Closed midepeter closed 5 months ago
I put those two results in files so we can compare them with benchstat.
$ tail -v -n5 with*txt
==> with-pointer.txt <==
merge_bench_test.go:161: 71922 files merged into 43097 files
BenchmarkMergeFiles/MergeFiles_100Groups-16 71922 156825 ns/op 7780 B/op 216 allocs/op
PASS
ok github.com/moov-io/ach 83.807s
==> without-pointer.txt <==
merge_bench_test.go:161: 96330 files merged into 32010 files
BenchmarkMergeFiles/MergeFiles_100Groups-16 96330 130157 ns/op 6454 B/op 150 allocs/op
PASS
ok github.com/moov-io/ach 85.414s
Running benchstat
to compare them shows a pretty major decrease in without-pointer.txt
$ benchstat with-pointer.txt without-pointer.txt
goos: linux
goarch: amd64
pkg: github.com/moov-io/ach
cpu: 11th Gen Intel(R) Core(TM) i7-11850H @ 2.50GHz
│ with-pointer.txt │ without-pointer.txt │
│ sec/op │ sec/op vs base │
MergeFiles/MergeFiles-16 68.73µ ± ∞ ¹ 63.27µ ± ∞ ¹ ~ (p=1.000 n=1) ²
MergeFiles/MergeFiles_3Groups-16 173.8µ ± ∞ ¹ 121.4µ ± ∞ ¹ ~ (p=1.000 n=1) ²
MergeFiles/MergeFiles_5Groups-16 159.3µ ± ∞ ¹ 125.3µ ± ∞ ¹ ~ (p=1.000 n=1) ²
MergeFiles/MergeFiles_10Groups-16 165.7µ ± ∞ ¹ 124.1µ ± ∞ ¹ ~ (p=1.000 n=1) ²
MergeFiles/MergeFiles_100Groups-16 156.8µ ± ∞ ¹ 130.2µ ± ∞ ¹ ~ (p=1.000 n=1) ²
geomean 137.7µ 109.2µ -20.66%
¹ need >= 6 samples for confidence interval at level 0.95
² need >= 4 samples to detect a difference at alpha level 0.05
│ with-pointer.txt │ without-pointer.txt │
│ B/op │ B/op vs base │
MergeFiles/MergeFiles-16 3.109Ki ± ∞ ¹ 3.334Ki ± ∞ ¹ ~ (p=1.000 n=1) ²
MergeFiles/MergeFiles_3Groups-16 8.598Ki ± ∞ ¹ 6.420Ki ± ∞ ¹ ~ (p=1.000 n=1) ²
MergeFiles/MergeFiles_5Groups-16 7.742Ki ± ∞ ¹ 6.414Ki ± ∞ ¹ ~ (p=1.000 n=1) ²
MergeFiles/MergeFiles_10Groups-16 8.160Ki ± ∞ ¹ 6.353Ki ± ∞ ¹ ~ (p=1.000 n=1) ²
MergeFiles/MergeFiles_100Groups-16 7.598Ki ± ∞ ¹ 6.303Ki ± ∞ ¹ ~ (p=1.000 n=1) ²
geomean 6.632Ki 5.598Ki -15.60%
¹ need >= 6 samples for confidence interval at level 0.95
² need >= 4 samples to detect a difference at alpha level 0.05
│ with-pointer.txt │ without-pointer.txt │
│ allocs/op │ allocs/op vs base │
MergeFiles/MergeFiles-16 88.00 ± ∞ ¹ 76.00 ± ∞ ¹ ~ (p=1.000 n=1) ²
MergeFiles/MergeFiles_3Groups-16 245.0 ± ∞ ¹ 150.0 ± ∞ ¹ ~ (p=1.000 n=1) ²
MergeFiles/MergeFiles_5Groups-16 220.0 ± ∞ ¹ 150.0 ± ∞ ¹ ~ (p=1.000 n=1) ²
MergeFiles/MergeFiles_10Groups-16 232.0 ± ∞ ¹ 150.0 ± ∞ ¹ ~ (p=1.000 n=1) ²
MergeFiles/MergeFiles_100Groups-16 216.0 ± ∞ ¹ 150.0 ± ∞ ¹ ~ (p=1.000 n=1) ²
geomean 188.5 130.9 -30.52%
¹ need >= 6 samples for confidence interval at level 0.95
² need >= 4 samples to detect a difference at alpha level 0.05
Removing pointers from public API methods is a breaking change, so it's harder to merge and release as it will break everyone using the library.
Hm yes, you are so right.
What do you intend should be done?
We're talking it over internally to figure out how far we want to break things (if at all). I think we want to try removing pointers entirely from the project if the gains are this large, but that's an even larger change.

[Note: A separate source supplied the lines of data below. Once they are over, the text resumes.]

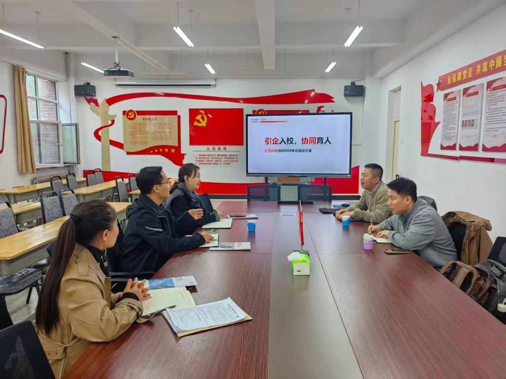 为精准对接工程造价行业数字化发展需求,推动BIM技术与职业教育深度融合,近日,上海红瓦科技区域总监王果带队到化工与建筑系开展高校BIM专业建设方案研讨,就联合开发专业教材、共建精品课程、提供技能大赛技术支持、校企合作等事宜开展专项洽谈。化工与建筑系副主任李世文、副主任李文艳及工程造价教研室主任参加了本次合作交流会。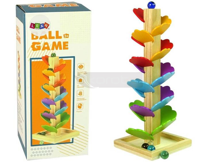 Gra polega na ustawieniu piłeczki na szczycie wieży, która spada, obijając się o kolorowe listki. W pierwszej kolejność maluch musi powkładać listki w odpowiednie miejsca na drzewku, dziecko uczy się precyzji oraz kolorów.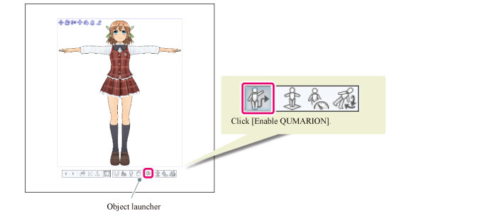 下一篇: qumarion×clip studio paint 創作過程Ⅳ. Qumarion×clip studio paint メイキング. On the Object launcher, click Enable QUMARION for the QUMARION to operate.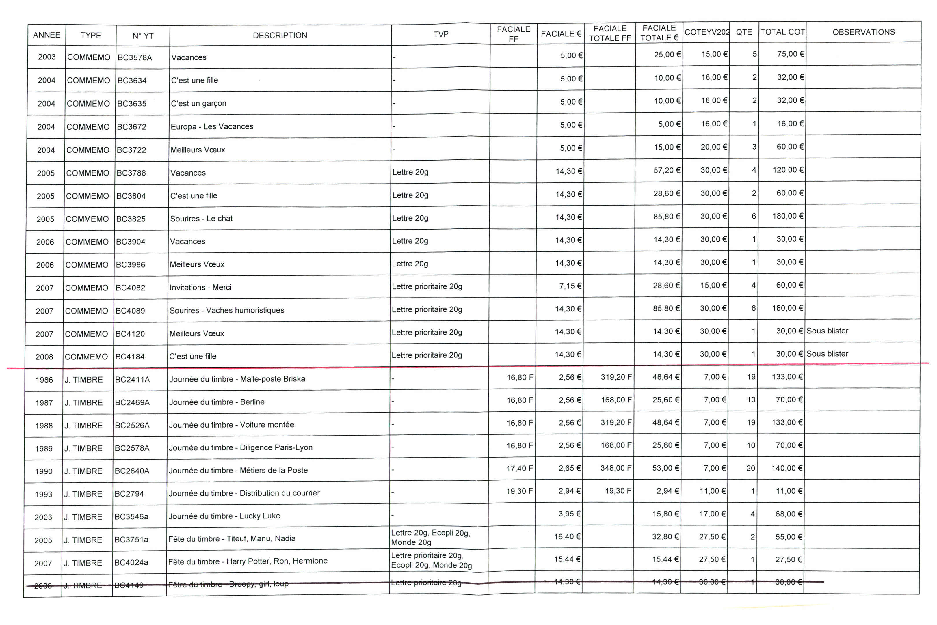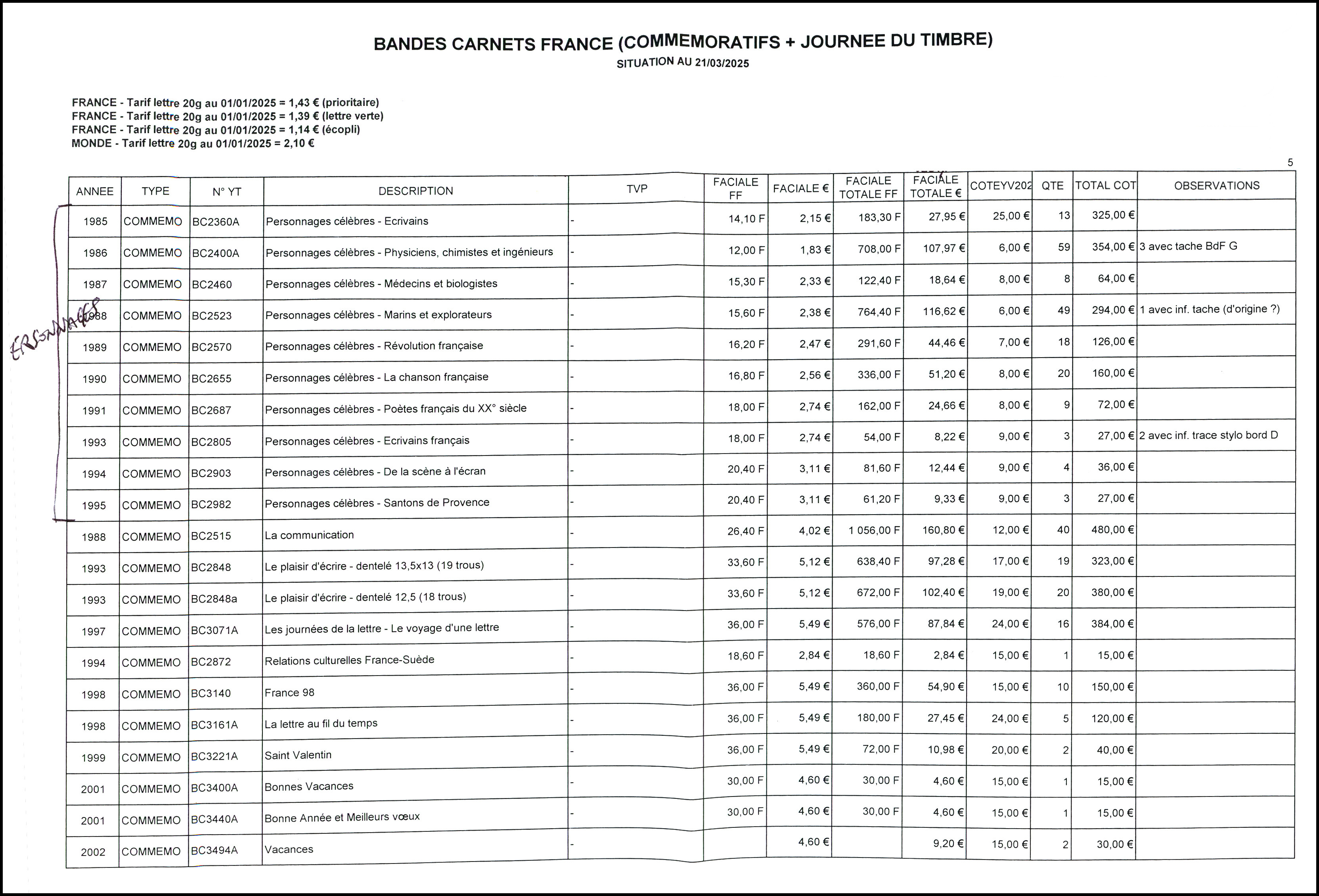 commémo et BF entre 1982 et 1995, 16 différents, faciale + 400 €, TB (Image)

@ckbaum do you have any thoughts?
Oh Alright
Beautiful😊
Hi @adamdecaf
Trust you are doing great. Wanted to know if there is an opportunity to work with the moov team or at moov. I really like what is being done here.. I am pretty good with golang, rust and python. I current work part time for a fintech startup also but looking for a more challenging role and all.

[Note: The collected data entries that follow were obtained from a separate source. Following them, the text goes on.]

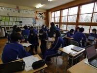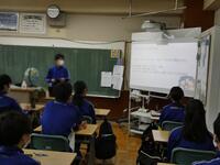 各クラスで、生徒会役員がスライドを使って「ネットいじめ」について説明しました。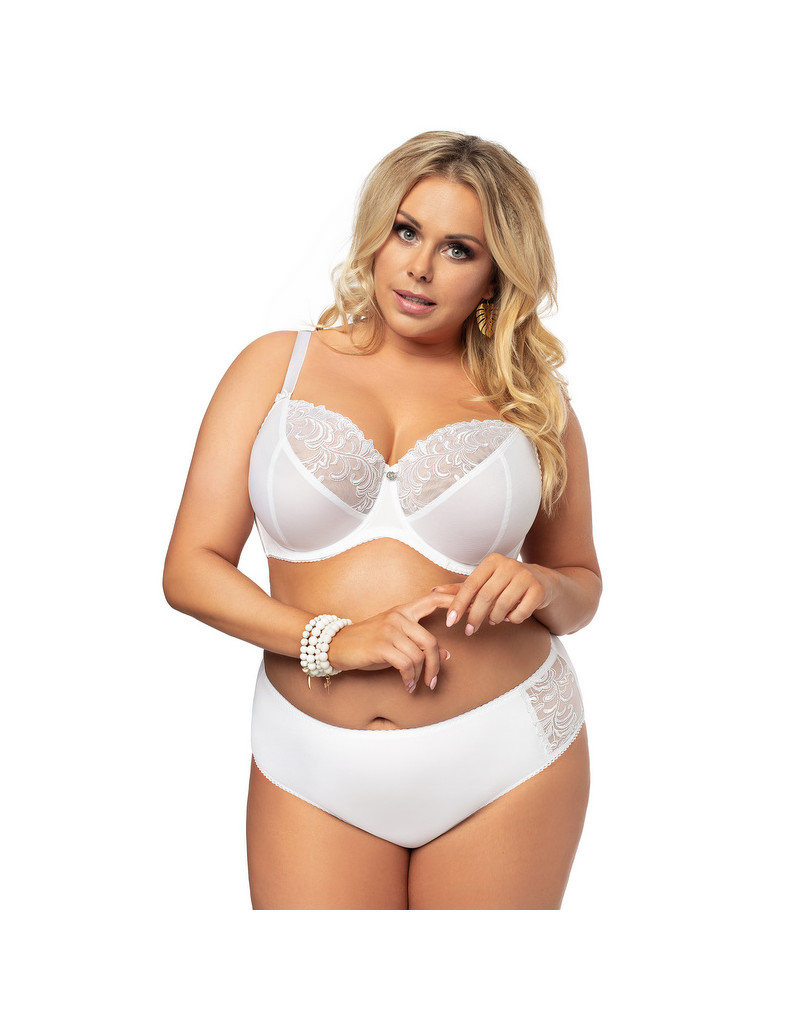 Biały biustonosz typu soft, z piękną, koronkową górą. Miseczki z fiszbinami, o profesjonalnym podkroju, bardzo dobrze zbierają i modelują piersi. Środek z gustowną przywieszką. Ramiączka o regulowanej długości. Obwód elastyczny, zapinany na haftki. Skład: 90% poliamid, 7% elastan, 3% poliester.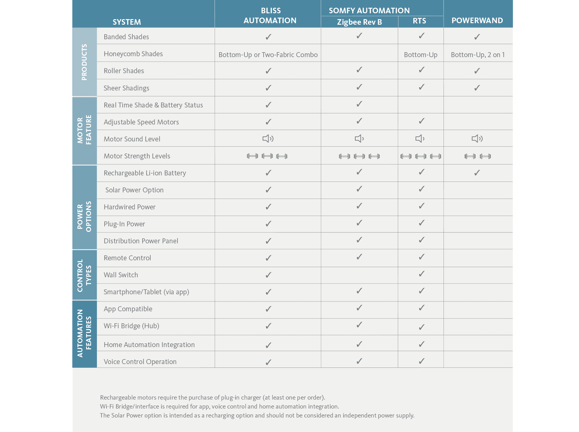Enjoy the benefits of purposeful ease! Enjoy a wide range of motor and power options for narrow and wider shades. Each is designed to integrate seamlessly into home networks for automation that can be operated via App or voice control.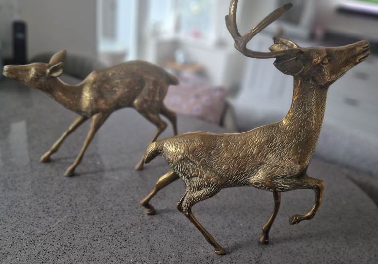 Vintage Brass Deer and Doe - Large heavy ornaments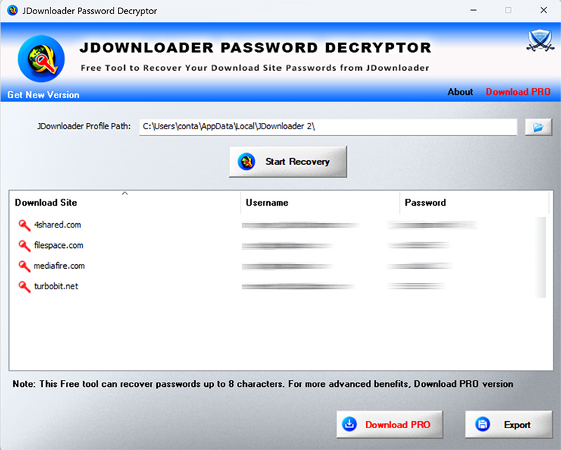 | New 2026 release supporting Windows 11. Support for recovering latest JDownloader Version. Improved GUI interface with new banner. Now support up to 8 char passwords. Fixed drag & drop issue, links etc. Now generate report in HTML file. |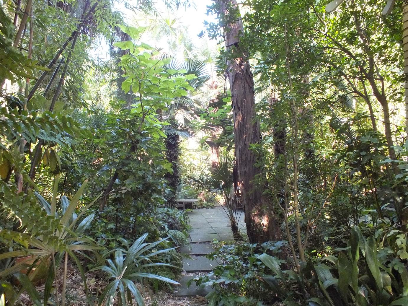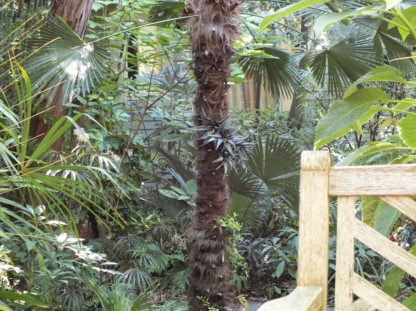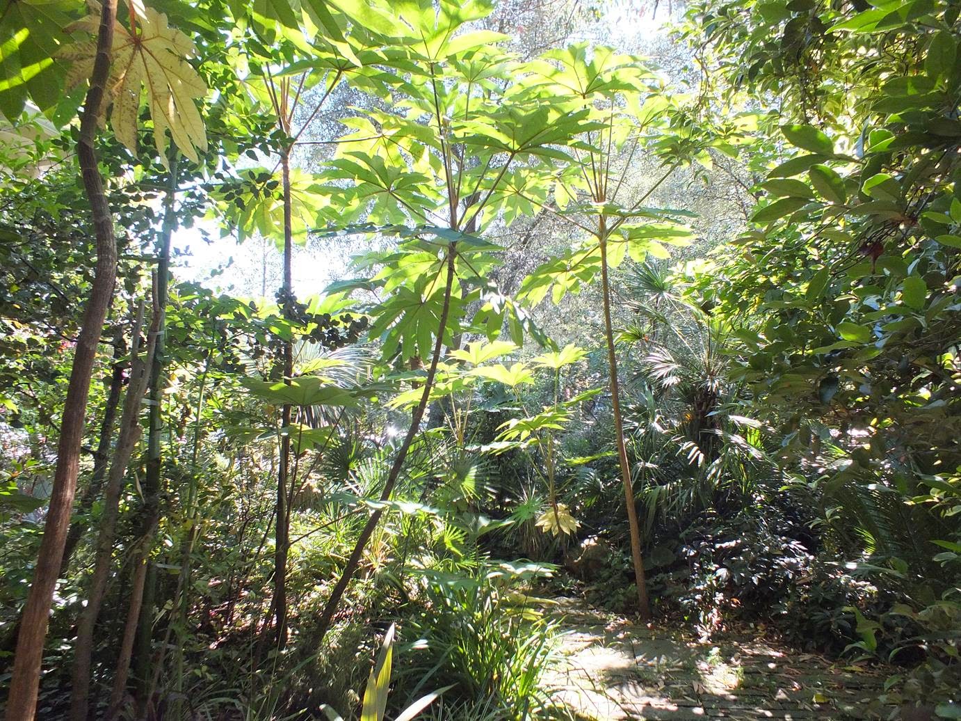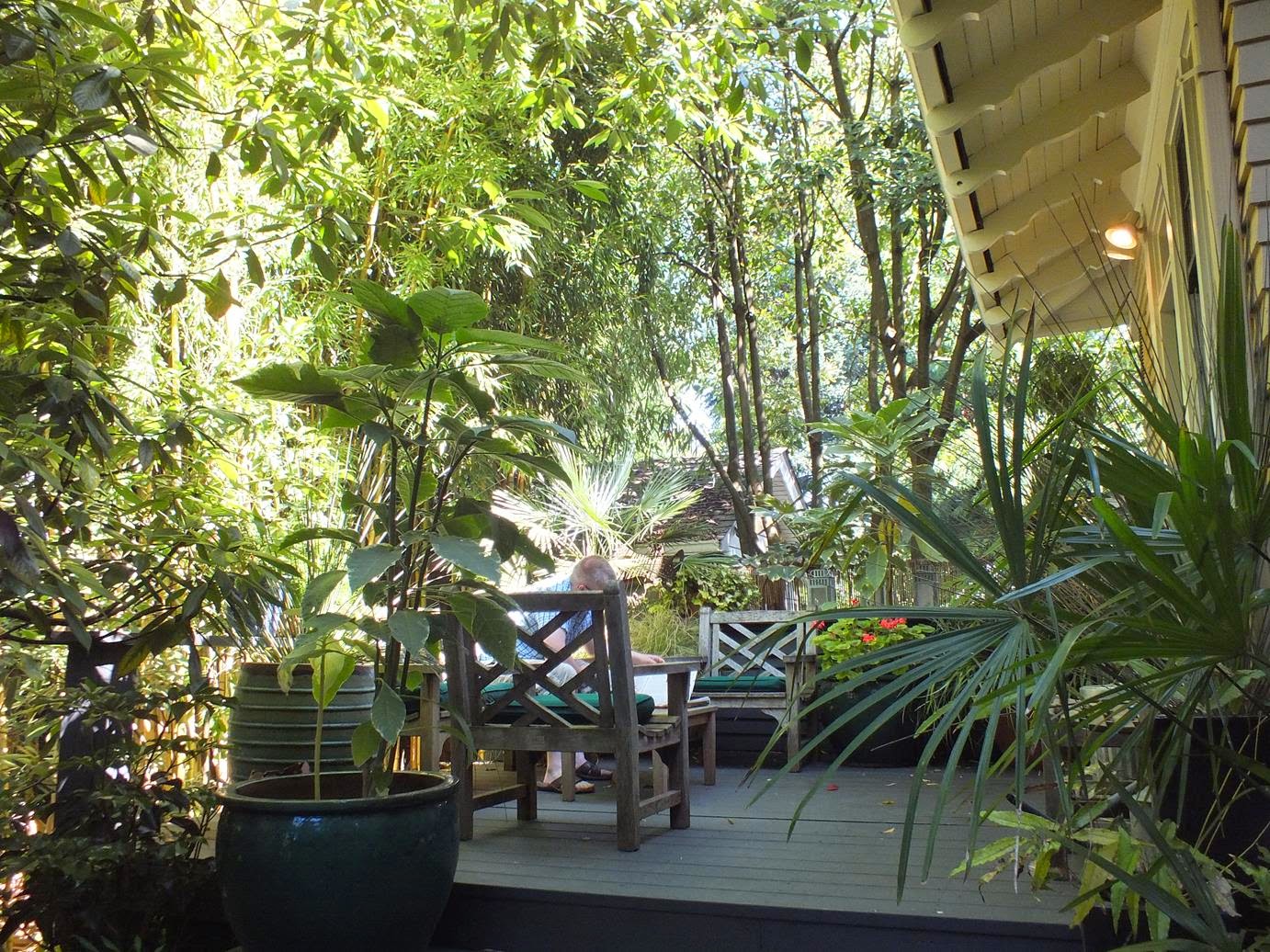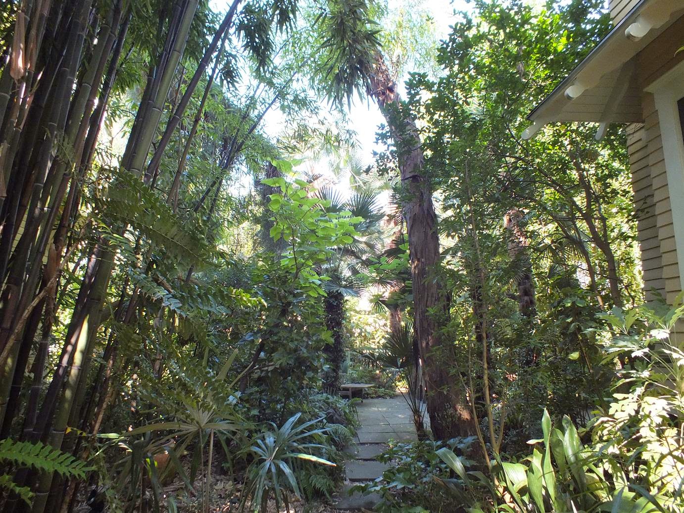 | With very tall Trachycarpus and other plants giving canopy, privacy, and sense of enclosure to the space |

I looked up careers page on moov website for software engineering role(backend) but there seem to a US based restriction🥲. Just want to know if there is an opportunity to work for moov. I could start out with maintaining the open source repos with some compensation for a while before integrating with the company fully if possible.
Or I reach out to @wadearnold directly?
Looking forward to hearing from you.
Thank you Peter 😊
Yes I'll follow up with you.
We're talking it over internally to figure out how far we want to break things (if at all). I think we want to try removing pointers entirely from the project if the gains are this large, but that's an even larger change.
@ckbaum do you have any thoughts?
Sorry late to this! Not the end of the world, but yeah we'd be a little grumbly if all the method signatures in the project changed with a version update. Partly because at least for my bank, performance of file-based operations is not a huge priority; ACH is naturally such a slow async process that I doubt we'd notice even a 20% speed improvement of any given operation.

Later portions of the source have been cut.